== What the exercise asks ==
Make a word-for-word copy of the entries below from their first line through the line with "3- Clique em", and add nothing.

== Input for this task ==
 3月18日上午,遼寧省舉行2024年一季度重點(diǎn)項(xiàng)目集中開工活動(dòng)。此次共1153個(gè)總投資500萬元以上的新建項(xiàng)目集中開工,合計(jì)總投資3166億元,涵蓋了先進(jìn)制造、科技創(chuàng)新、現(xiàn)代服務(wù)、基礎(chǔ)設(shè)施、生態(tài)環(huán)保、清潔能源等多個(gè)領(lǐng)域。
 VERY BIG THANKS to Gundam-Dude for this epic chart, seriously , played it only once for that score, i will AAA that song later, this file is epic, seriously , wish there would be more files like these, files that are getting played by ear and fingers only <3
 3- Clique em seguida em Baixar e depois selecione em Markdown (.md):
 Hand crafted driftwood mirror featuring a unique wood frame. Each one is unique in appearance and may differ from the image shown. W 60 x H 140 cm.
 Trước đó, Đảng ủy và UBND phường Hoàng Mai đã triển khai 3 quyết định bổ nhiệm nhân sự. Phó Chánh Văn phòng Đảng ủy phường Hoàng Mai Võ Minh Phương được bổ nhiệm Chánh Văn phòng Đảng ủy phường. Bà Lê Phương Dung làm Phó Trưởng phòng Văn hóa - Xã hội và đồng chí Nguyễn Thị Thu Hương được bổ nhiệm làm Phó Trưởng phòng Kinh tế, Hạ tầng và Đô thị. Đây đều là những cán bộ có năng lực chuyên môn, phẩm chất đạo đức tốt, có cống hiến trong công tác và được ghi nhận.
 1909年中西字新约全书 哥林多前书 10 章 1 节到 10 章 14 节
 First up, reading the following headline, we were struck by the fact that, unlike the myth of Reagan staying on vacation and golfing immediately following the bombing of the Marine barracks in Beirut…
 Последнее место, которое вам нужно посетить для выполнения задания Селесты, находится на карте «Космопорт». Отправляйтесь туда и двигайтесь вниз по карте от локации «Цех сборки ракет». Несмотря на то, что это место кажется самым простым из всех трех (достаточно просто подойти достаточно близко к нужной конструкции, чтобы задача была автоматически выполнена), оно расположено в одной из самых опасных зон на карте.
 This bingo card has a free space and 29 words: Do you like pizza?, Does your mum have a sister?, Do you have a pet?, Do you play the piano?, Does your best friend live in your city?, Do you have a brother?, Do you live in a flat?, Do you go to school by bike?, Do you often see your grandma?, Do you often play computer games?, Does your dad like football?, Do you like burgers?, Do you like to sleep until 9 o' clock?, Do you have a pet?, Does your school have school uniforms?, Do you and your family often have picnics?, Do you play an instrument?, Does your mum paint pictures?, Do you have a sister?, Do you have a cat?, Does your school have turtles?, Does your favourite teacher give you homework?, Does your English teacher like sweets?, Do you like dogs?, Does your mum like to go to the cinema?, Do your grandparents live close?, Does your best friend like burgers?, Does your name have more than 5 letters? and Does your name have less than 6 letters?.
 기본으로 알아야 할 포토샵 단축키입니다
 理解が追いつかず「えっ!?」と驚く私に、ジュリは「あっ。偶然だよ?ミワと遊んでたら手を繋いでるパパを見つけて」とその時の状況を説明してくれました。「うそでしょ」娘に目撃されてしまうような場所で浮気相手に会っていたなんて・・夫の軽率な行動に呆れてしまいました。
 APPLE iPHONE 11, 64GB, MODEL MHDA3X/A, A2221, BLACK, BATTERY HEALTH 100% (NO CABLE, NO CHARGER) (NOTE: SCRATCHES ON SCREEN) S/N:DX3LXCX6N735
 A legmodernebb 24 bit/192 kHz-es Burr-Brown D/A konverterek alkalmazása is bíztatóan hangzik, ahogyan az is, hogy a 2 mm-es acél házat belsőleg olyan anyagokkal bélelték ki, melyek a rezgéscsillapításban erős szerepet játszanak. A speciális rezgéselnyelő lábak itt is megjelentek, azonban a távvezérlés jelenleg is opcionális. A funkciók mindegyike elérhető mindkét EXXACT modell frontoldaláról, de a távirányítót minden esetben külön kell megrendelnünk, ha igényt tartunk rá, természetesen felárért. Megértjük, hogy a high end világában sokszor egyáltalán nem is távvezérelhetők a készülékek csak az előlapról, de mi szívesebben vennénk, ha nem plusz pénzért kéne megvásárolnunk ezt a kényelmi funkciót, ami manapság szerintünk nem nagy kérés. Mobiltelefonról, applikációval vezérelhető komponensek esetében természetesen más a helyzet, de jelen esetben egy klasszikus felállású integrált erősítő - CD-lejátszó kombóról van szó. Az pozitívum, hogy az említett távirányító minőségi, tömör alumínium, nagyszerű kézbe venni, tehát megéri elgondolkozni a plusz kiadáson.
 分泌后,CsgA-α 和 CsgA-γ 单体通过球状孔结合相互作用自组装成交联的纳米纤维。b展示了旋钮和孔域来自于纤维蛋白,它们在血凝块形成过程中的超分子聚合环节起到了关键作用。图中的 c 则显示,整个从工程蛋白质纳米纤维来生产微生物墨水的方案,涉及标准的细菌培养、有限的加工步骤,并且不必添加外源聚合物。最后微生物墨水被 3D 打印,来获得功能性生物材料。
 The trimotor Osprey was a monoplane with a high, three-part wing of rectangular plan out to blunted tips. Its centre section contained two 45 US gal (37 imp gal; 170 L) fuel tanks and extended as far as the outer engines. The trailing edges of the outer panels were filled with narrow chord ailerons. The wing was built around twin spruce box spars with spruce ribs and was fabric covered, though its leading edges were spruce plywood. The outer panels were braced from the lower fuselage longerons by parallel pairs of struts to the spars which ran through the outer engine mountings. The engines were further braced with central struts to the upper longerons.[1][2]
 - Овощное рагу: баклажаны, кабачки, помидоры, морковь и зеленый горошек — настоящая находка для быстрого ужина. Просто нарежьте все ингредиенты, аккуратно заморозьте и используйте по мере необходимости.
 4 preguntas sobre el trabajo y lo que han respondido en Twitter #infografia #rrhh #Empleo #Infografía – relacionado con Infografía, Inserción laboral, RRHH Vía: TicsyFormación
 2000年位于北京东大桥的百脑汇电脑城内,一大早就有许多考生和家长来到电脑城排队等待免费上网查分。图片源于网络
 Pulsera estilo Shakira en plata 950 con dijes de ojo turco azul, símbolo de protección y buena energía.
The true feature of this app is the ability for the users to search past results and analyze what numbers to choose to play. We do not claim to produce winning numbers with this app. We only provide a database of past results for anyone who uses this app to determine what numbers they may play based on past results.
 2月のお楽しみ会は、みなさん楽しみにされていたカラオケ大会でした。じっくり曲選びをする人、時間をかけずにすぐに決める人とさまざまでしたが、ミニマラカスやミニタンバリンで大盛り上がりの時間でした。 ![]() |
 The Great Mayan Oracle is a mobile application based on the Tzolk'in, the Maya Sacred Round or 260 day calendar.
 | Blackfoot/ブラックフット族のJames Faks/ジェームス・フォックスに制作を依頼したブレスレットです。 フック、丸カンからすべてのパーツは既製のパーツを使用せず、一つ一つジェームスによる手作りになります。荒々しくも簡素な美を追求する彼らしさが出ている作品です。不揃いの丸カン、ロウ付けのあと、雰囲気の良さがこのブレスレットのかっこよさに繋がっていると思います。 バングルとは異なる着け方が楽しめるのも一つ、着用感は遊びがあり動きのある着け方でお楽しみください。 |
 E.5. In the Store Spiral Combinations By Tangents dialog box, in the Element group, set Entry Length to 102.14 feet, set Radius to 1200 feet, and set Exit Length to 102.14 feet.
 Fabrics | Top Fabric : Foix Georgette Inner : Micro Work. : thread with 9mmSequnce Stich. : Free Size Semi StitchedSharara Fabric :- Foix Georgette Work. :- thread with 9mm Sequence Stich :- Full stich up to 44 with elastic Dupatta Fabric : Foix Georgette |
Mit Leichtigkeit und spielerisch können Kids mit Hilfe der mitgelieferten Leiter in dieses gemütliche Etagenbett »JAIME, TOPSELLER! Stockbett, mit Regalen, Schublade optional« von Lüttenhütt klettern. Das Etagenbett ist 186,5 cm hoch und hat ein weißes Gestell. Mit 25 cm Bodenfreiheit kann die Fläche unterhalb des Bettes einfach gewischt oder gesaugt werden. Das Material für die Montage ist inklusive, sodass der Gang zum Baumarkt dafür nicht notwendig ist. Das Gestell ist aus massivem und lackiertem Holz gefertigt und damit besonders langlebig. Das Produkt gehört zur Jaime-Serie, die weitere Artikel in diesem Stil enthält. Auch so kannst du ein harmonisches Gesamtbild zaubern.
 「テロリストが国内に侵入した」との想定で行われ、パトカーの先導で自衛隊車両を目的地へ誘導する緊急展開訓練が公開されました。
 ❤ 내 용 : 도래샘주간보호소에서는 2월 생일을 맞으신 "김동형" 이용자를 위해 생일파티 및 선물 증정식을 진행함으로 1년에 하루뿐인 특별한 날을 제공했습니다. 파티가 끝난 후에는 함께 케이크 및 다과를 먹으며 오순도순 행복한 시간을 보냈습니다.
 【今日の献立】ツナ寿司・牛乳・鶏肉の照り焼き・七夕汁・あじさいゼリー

== Solution to this exercise ==
 3月18日上午,遼寧省舉行2024年一季度重點(diǎn)項(xiàng)目集中開工活動(dòng)。此次共1153個(gè)總投資500萬元以上的新建項(xiàng)目集中開工,合計(jì)總投資3166億元,涵蓋了先進(jìn)制造、科技創(chuàng)新、現(xiàn)代服務(wù)、基礎(chǔ)設(shè)施、生態(tài)環(huán)保、清潔能源等多個(gè)領(lǐng)域。
 VERY BIG THANKS to Gundam-Dude for this epic chart, seriously , played it only once for that score, i will AAA that song later, this file is epic, seriously , wish there would be more files like these, files that are getting played by ear and fingers only <3
 3- Clique em seguida em Baixar e depois selecione em Markdown (.md):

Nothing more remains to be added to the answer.